Тут магистрат счел необходимым прибегнуть к мерам строгости, по причинам весьма понятным: король грозил за неисполнение указа о календаре наложить штраф в 10 000 червонцев. На самый новый год приехали в Ригу бургграф и обер-секретарь и тогда же было решено арестовать ректора. На другой день, т. е. 2 (12) января 1585 г. ректор был арестован. Весть об этом быстро разнеслась по городу. Многие граждане начали просить бургграфа об освобождении ректора, но тот не принял во внимание никаких просьб и заявил, что ректор виновен в оскорблении величества. Это разошлось между бюргерами. Был пущен слух, что ректору в эту же ночь срубят голову. Толпа народа бросилась на ратушу, выломила двери комнаты, где содержался ректор, и ученики вынесли его на плечах из заключения. Вслед за тем толпа устремилась на дом Нейнера; тот спрятался за пивною бочкою в своем погребе, но был найден и страшно избит; его вытащили на рынок и бросили на улице. Тогда народ кинулся на дома Эке и Веллинга. Эке не нашли, а Веллинг по крыше бежал к своему соседу, и тем спасся от побоев, но дома их были разграблены (см. выше стр. 63).

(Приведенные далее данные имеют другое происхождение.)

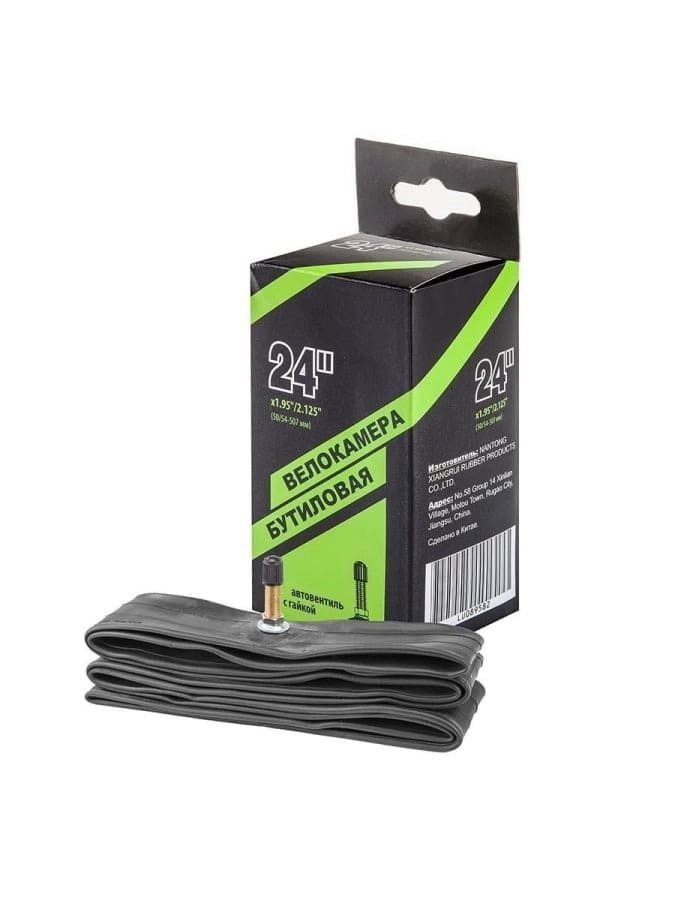 Велокамера NTG 24"x1.95"/2.125" автовентиль, с гайками и шайбой для крепления вентиля к ободу, в индивидуальной упаковке.
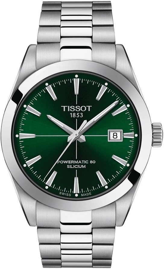 Tissot Gentleman Powermatic 80 Silicium T127.407.11.091.01 to męski automatyczny zegarek na stalowej bransolecie w połączeniu szlifu i połysku z zapięciem motylkowym. Koperta ze stali nierdzewnej ma średnicę 40 milimetrów i przezroczysty dekiel. Zielona tarcza ze szlifem słonecznym i wskazaniem daty jest chroniona wytrzymałymszkłem szafirowym z powłoką antyrefleksyjną. Zastosowane indeksy godzinowe, podobnie jak wskazówki, pokryte są powłoką luminescencyjną Super-LumiNova®, która gwarantuje doskonałą czytelność w warunkach słabego oświetlenia. Zegarek napędzany jest mechanizmem Powermatic 80.811 z naciągiem automatycznym i rezerwą chodu na poziomie około 80 godzin, który posiada funkcję hakowania (zatrzymywanie wskazówka sekundowa, gdy koronka jest wyciągnięta do skrajnych pozycji), a w razie potrzeby można ją również nakręcić ręcznie za pomocą koronki. Dzięki zastosowaniu krzemowego, antymagnetycznego włosia w kole zamachowym, kaliber ten charakteryzuje się dużą odpornością na działanie pola magnetycznego. Dzięki wodoszczelności 10 ATM zegarek nadaje się do pływania i snorkelingu.

Бургомистр Ниенштедт тщетно требовал от начальника городской стражи Германа Шведена дать ему солдат для усмирения бунта; стража не являлась, на помощь Ниенштедту явилось лишь несколько вооруженных граждан и с ними-то он пошел уговаривать толпу. Слесарь Боне бросился было на него с ножом, но был удержан другими. Ниенштедту удалось однако же отогнать толпу от домов бургграфа и синдика; раненого Нейнера снесли к цирюльнику, всюду расставили часовых, и отогнали чернь от дома Тастиуса, в котором толпа начала было уже ломать двери. Ниенштедт поставил караул у дома венденского епископа Патриция, Шенкинга (впоследствии был преемником Патриция) и у других домов зажиточных или ненавистных владельцев. Друзья Ниенштедта ходили всю ночь по городу патрулем и приглашали граждан собраться на. завтрашний день в так называемый новый дом (ныне дом Черноголовых). [86]

Но тут движение приняло совершенно другой характер. Надобно сказать, что граждане не любили бургграфа за его корыстолюбие и гордость и все толковали, что его дело судить дворян, а не граждан, что он присваивает себе штрафные деньги, и пр. Обвиняя бургграфа, граждане не щадили упреков и на магистрат и обвиняли его в своекорыстии, в расточении городских доходов, в неумении блюсти привилегии, в самовластии и пр. Отъявленными противниками магистрата были ректор Мэллер, конректор Расциус, городской фохт Николай Фике, тот самый, который был 16 августа 1581 г. выключен из магистрата за то, что обозвать Веллинга шельмой и изменником, и только по усиленным просьбам был снова допущен к исправлению своей должности в июне 1582 г., доктор Стопиус, эльтерман Бринкен и адвокат Мартин Гизе. Ниенштедт трех последних прямо называет зачинщиками всего волнения (см. выше стр. 65)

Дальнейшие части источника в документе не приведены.